Из-за финансовых проблем, опять же моих, пришлось перебраться к Максу, моему шефу, заодно — бывшему, хотя отношения у нас были возвышенные «посрались-поработали-потрахались» — без чувств, только холодный расчет, но этого объяснить Даньке я не смог, а он и не захотел слушать. Эх…
Схавав очередную мою грубость, живет с нами. Все такой же замкнутый, закрытый, своенравный, слишком упрямый, чтобы у меня хватало терпения осмыслить его решения. Такой… нереальный. И прав Макс: я медленно схожу с ума и лекарство искать не хочу.
Утро такое же хмурое и снежное, как и предыдущая ночь. Градус давит на столбик ртути в термометре, роняя его до немыслимых отметок. На улицу даже смотреть холодно.
Долго смеялся, когда Максим, матерясь, откапывал свой навороченный лексус, а потом столько же пытался его «реанимировать», и вся электроника по пизде пошла, не завелся. Потом — еще дольше мой старенький джип. Поленившись подняться, попросил скинуть ему ключи, излазил все сугробы, обматерил меня во весь голос, наплевав, что соседи еще спят, пока их нашел. С горем пополам уехал, а я остался. Наверное, впервые за все это время наплевав на работу — остался дома. Почему-то не смог уйти.
Полупустая кружка с кофе дымится под рукой, тлеет сигарета, внутри постепенно расслабляется уже привычный ком, не рассасываясь полностью, но ослабевая, давая передышку, когда слышу шаркающие знакомые шаги за спиной.
Мне не надо поворачиваться, чтобы понять — он не выспался. Хмурится, недоверчиво разглядывая мою спину, ищет подвох, уже привыкший просыпаться один. Трет тонкими, наверняка холодными пальцами сонные, еще мутные глаза, треплет темно-русые волосы на затылке и, несмотря на мысли, выдает резкое:
— По-любому дождь пойдет — Михаэль сегодня дома изволили быть.
Усмехаюсь. Киваю. Возбуждаясь только от его голоса, его присутствия, закрываю глаза, видя его перед собой, спрятавшегося в мою толстовку, с накинутым капюшоном и растянутыми до казанков пальцев рукавами, показывающего мне фак — как же без этого.

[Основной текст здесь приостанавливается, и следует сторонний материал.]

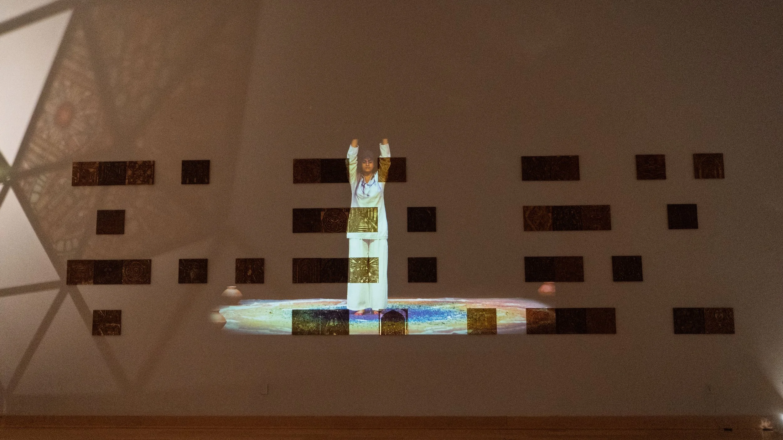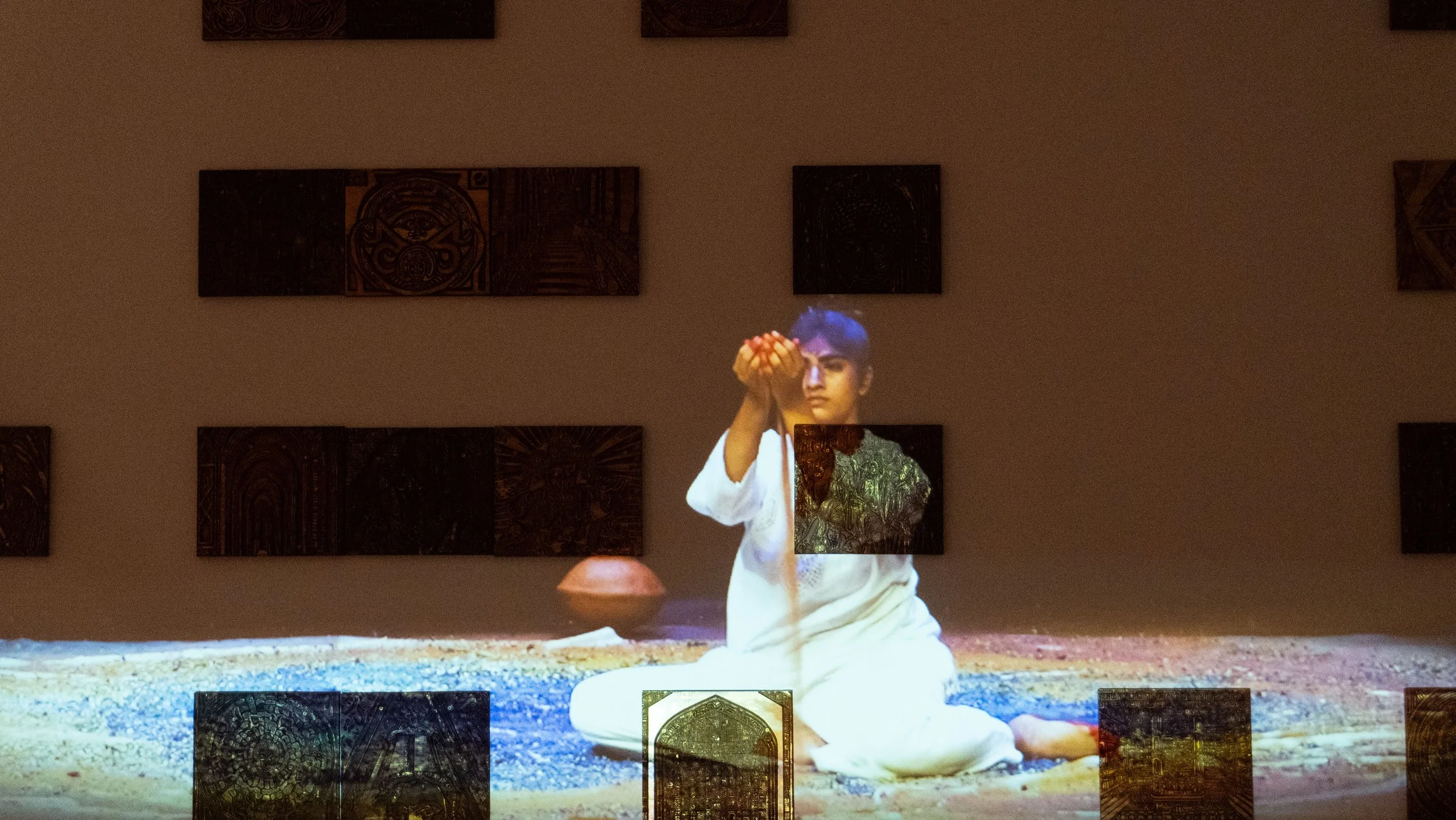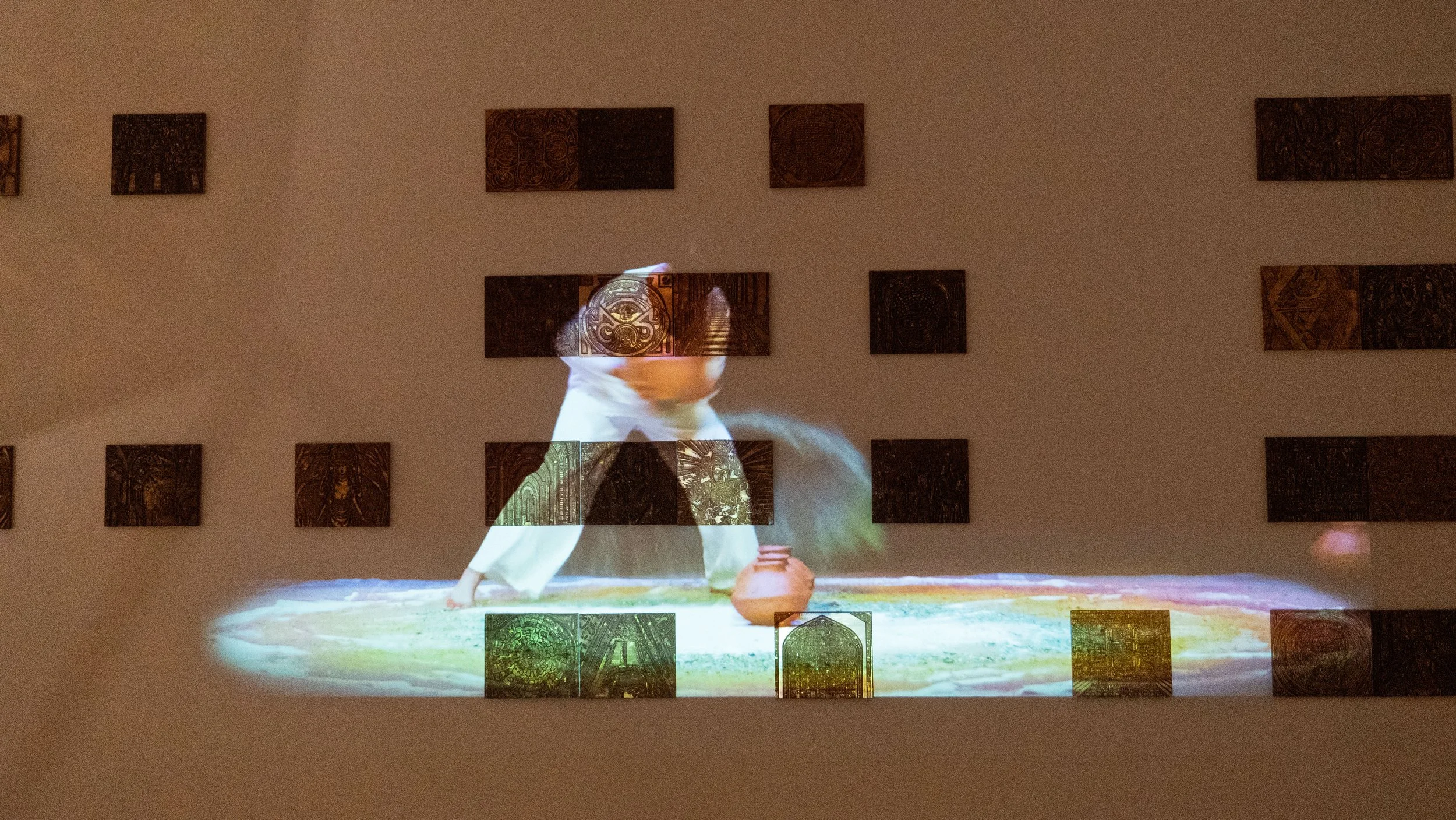 The binary installation with wooden engravings engages with the ephemeral projection of the body from the work ‘Restoration Act I.’ The code spells out ‘The truth is’ while the body searches for it. The wooden blocks represent 1s, and the empty spaces 0s. In this work, I draw an analogy between the transfer of information through binary codes in the past and AI algorithms in the present, questioning what is lost in translation. The projection of my performance remains ephemeral, while the AI images carved into wood have a tangible presence in space. The projection light illuminates each block as I move through the virtual space, transforming the physical surface of the gold-painted engravings. Each moment in the work remains anew as the light creates multiple points of illumination, translating through intricate carvings. Through this interplay of light, objects and body, the work explores the multiplicity of the present moment.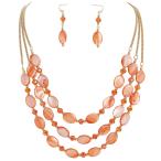 【並行輸入品】Firstmeet 3層 真珠層ビーズネックレス イヤリング シェルビーズ ペンダント ジュエリー 女性用, シェル ガラス, 宝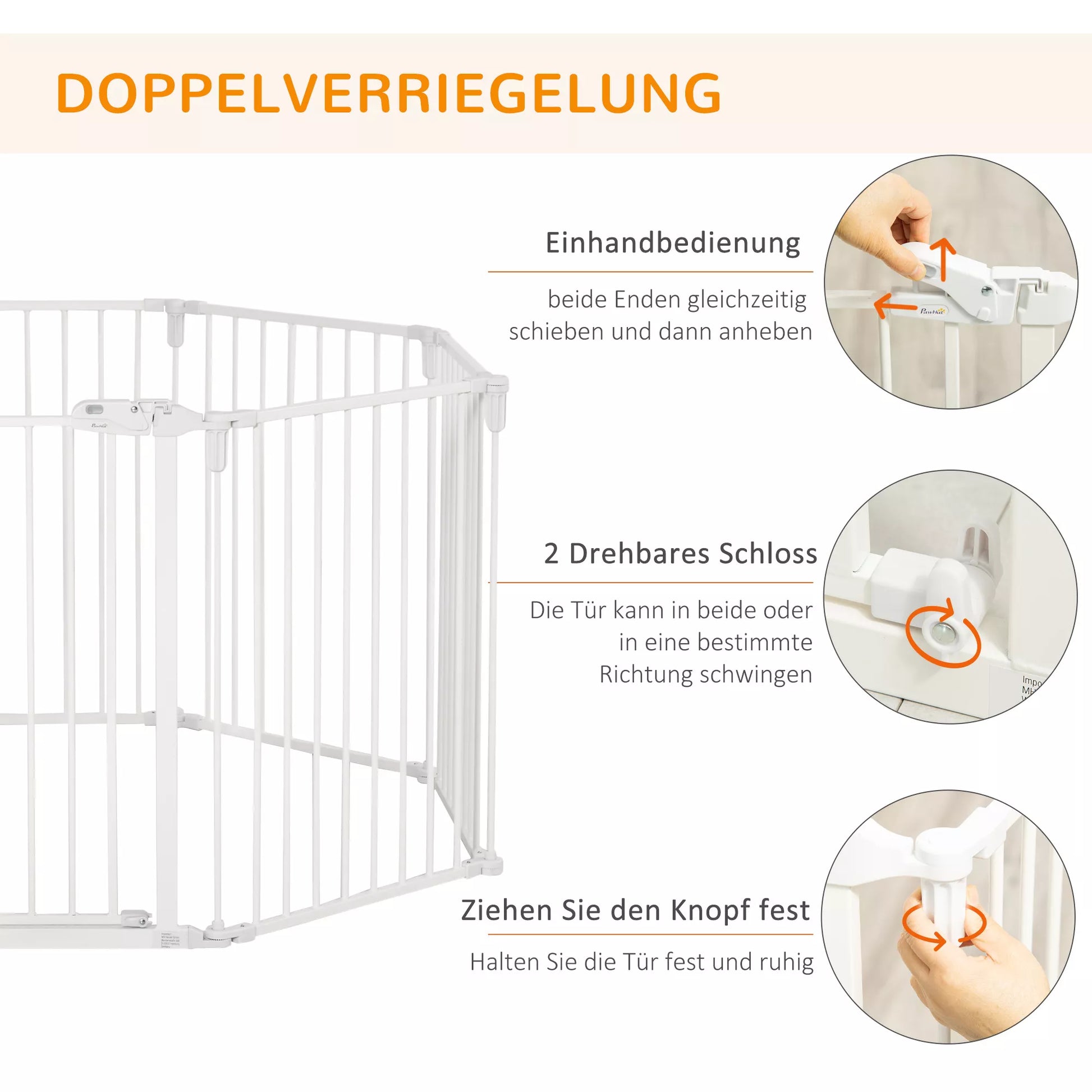 Šios naminių gyvūnėlių durų grotelės sukurtos, siekiant suteikti jūsų pūkuotiems draugams saugią ir patogią erdvę. Jas galima naudoti kaip aptvarą, apsauginį vartelį, atitvarą prie židinio ar kalėdinės eglutės. Galite jas surinkti įvairiomis formomis, kad atitiktumėte skirtingus jūsų poreikius. Dėl sulankstomo dizaino šias atitvarines groteles lengva transportuoti ir laikyti, kai jos nenaudojamos.

Кусаю губы, чтобы не засмеяться. Наверно, со стороны может показаться, что он колючий, как острие армейского ножа, резкий, слегка надменный — возможно, с чужими так оно и есть, защищается, клыками цепляясь за любую угрозу, но не когда я рядом, скорее, по привычке. Наверно, поэтому не слышу, а чувствую его шаги. Преодолев расстояние между нами, прижимается грудью к моей спине — не обнимая, только телом. Уткнувшись лицом мне в волосы на затылке, незаметно, как ему кажется, вдыхая мой запах, и уже не вспомню, чем мылся: шампунем Макса, Данькиными баночками с непонятной мне субстанцией на немецком, которые лень переводить или идти у него спрашивать, или обычным мылом, но ему нравится.
Откинув голову назад, заглядываю ему в глаза. Одного ментального касания хватает, чтобы у меня задрожало от спазмов внизу живота, по телу пробежала дрожь, а горло перехватило и весь мой пиздеж задушило. Как в зеркало, смотрю в него, встречая его чертей и знакомя их со своими, они поладят, уже поладили, поэтому и улыбается, немного смущенно, отвернув голову и снова зарывшись в волосы.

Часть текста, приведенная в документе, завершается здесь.